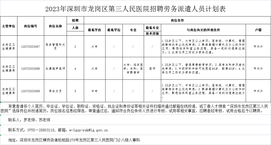 附件:2023年深圳市龙岗区第三人民医院招聘聘员及劳务派遣人员岗位表
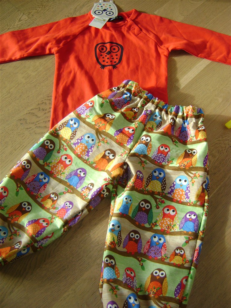 bullerbassen skriver: Så fik jeg syet Silas's bukser færdig Sørme om jeg ikke fandt en sød ugle trøje der passer til. ( håber ikke det er for piget ) Så er han klar til fest
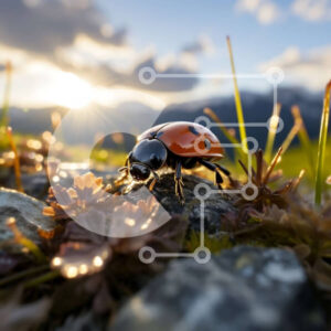 Intra Συλλεκτικό Ξύλινο Παζλ Plywood 4mm - Όμορφη εικόνα της πασχαλίτσας στο γρασίδι στο λιβάδι με το ηλιοβασίλεμα του βουνού Σε Ξύλινο Κουτί - Διαστάσεις: 10x10 cm – 25 κομμάτια
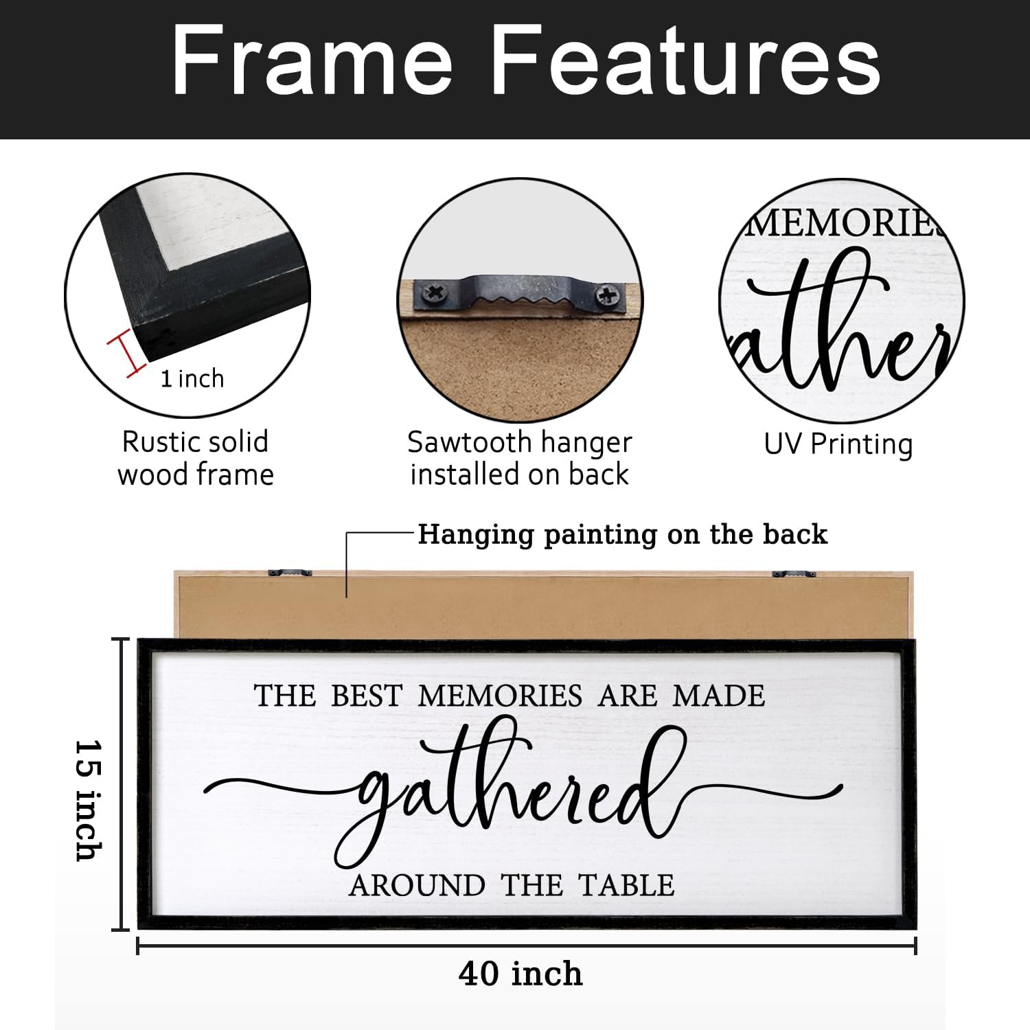 The Best Memories are Made Gathered Around The Table Sign Framed Wall Art, 40''×15'' Rustic Horizontal Plaque with Black Frame for Dinning Living Room, Long Home Family Wood Sign Wall Decor

◆ TO DO ◆
With the pictures omitted, write out exactly the lines from the one that contains "Intra Συλλεκτικό Ξύλινο" through the final line of the material above, both ends included.

◆ TASK RESULT ◆
 Intra Συλλεκτικό Ξύλινο Παζλ Plywood 4mm - Όμορφη εικόνα της πασχαλίτσας στο γρασίδι στο λιβάδι με το ηλιοβασίλεμα του βουνού Σε Ξύλινο Κουτί - Διαστάσεις: 10x10 cm – 25 κομμάτια
 The Best Memories are Made Gathered Around The Table Sign Framed Wall Art, 40''×15'' Rustic Horizontal Plaque with Black Frame for Dinning Living Room, Long Home Family Wood Sign Wall Decor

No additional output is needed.